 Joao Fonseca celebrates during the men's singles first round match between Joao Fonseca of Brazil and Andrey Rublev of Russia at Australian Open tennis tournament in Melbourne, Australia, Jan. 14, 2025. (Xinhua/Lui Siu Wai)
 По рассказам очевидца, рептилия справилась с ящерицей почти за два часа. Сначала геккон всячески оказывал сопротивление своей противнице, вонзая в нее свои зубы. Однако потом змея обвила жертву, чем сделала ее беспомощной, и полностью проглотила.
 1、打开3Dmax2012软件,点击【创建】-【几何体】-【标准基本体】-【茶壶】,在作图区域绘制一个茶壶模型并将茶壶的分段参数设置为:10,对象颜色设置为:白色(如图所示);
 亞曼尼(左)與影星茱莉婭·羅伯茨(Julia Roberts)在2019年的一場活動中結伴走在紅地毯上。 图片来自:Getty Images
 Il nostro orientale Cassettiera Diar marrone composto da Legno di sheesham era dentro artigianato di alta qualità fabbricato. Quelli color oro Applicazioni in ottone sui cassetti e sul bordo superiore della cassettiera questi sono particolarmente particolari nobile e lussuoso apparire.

* * *

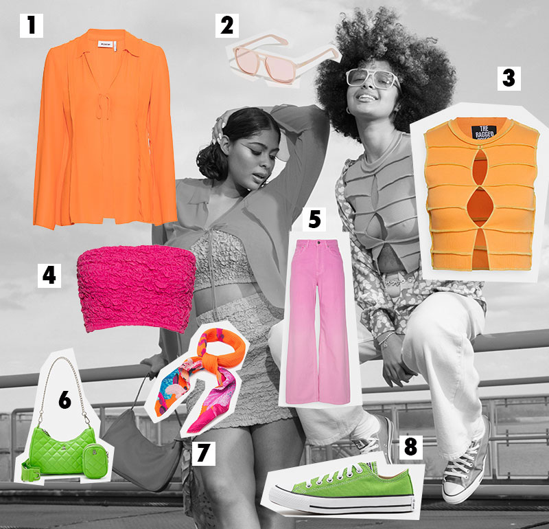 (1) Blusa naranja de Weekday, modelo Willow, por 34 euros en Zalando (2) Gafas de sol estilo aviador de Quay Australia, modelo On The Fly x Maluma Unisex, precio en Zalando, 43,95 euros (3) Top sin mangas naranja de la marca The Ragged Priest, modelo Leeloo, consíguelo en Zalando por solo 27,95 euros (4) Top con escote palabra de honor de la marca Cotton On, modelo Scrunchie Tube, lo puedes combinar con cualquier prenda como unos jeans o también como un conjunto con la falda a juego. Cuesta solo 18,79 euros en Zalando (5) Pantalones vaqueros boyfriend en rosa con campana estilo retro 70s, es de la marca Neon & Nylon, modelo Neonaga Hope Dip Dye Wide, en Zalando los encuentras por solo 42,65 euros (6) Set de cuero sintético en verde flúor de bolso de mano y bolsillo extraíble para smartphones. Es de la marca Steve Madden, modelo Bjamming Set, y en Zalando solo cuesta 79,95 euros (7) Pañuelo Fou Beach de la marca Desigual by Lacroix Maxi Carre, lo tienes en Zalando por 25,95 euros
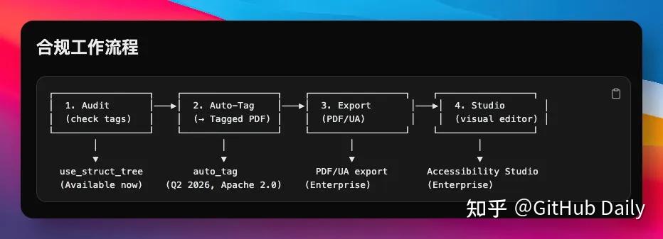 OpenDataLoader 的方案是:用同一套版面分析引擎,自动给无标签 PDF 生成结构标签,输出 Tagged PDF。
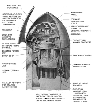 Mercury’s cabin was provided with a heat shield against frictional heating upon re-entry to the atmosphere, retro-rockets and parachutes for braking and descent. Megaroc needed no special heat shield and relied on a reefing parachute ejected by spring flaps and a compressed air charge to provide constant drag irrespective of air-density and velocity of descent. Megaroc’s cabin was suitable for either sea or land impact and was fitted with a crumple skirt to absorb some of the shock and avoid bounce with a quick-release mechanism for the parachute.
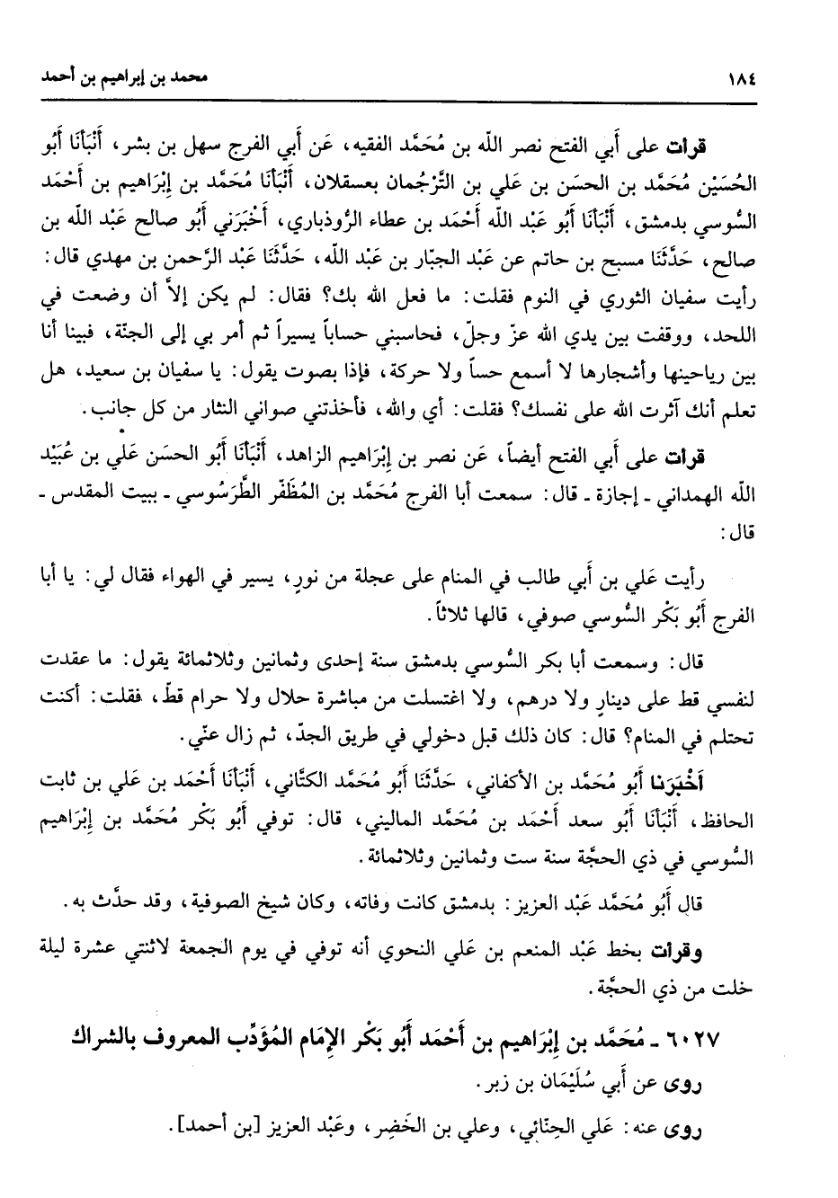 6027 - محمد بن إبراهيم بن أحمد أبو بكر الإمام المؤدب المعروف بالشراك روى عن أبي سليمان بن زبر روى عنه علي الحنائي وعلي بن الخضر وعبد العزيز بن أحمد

==

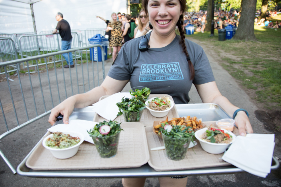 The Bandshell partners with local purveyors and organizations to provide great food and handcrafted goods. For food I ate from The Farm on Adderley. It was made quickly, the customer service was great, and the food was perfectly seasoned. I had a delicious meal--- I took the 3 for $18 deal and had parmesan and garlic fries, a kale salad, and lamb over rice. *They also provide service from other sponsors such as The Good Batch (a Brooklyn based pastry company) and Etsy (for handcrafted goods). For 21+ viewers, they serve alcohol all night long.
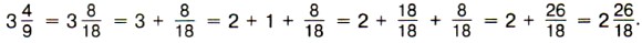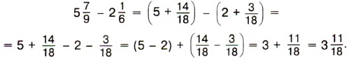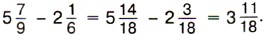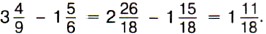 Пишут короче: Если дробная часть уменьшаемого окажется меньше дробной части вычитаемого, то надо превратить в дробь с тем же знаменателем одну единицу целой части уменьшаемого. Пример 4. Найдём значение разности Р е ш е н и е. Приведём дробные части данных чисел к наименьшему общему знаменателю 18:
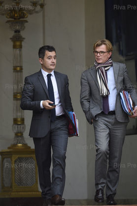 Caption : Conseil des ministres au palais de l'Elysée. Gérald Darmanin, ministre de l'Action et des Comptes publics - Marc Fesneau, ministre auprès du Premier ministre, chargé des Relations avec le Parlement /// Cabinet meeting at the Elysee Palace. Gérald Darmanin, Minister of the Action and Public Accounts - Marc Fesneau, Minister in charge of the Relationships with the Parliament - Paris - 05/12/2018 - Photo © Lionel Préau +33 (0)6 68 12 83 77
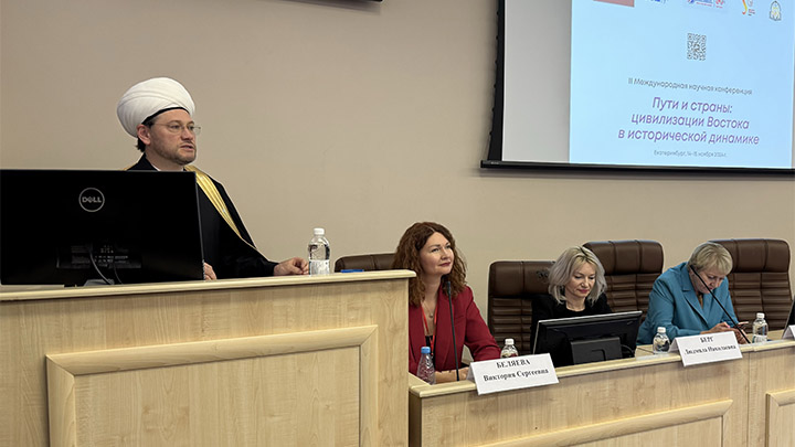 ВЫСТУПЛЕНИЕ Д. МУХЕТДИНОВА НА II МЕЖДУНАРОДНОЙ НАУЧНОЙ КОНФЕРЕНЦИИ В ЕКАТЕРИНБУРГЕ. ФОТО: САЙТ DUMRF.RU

# What you have to do
Copy exactly the material above from the line with "OpenDataLoader 的方案是:用同一套版面分析引擎,自动给无标签 PDF" to the line with "Mercury’s cabin was", ends included, and nothing else. Leave out any picture.

# Answer box
 OpenDataLoader 的方案是:用同一套版面分析引擎,自动给无标签 PDF 生成结构标签,输出 Tagged PDF。
 Mercury’s cabin was provided with a heat shield against frictional heating upon re-entry to the atmosphere, retro-rockets and parachutes for braking and descent. Megaroc needed no special heat shield and relied on a reefing parachute ejected by spring flaps and a compressed air charge to provide constant drag irrespective of air-density and velocity of descent. Megaroc’s cabin was suitable for either sea or land impact and was fitted with a crumple skirt to absorb some of the shock and avoid bounce with a quick-release mechanism for the parachute.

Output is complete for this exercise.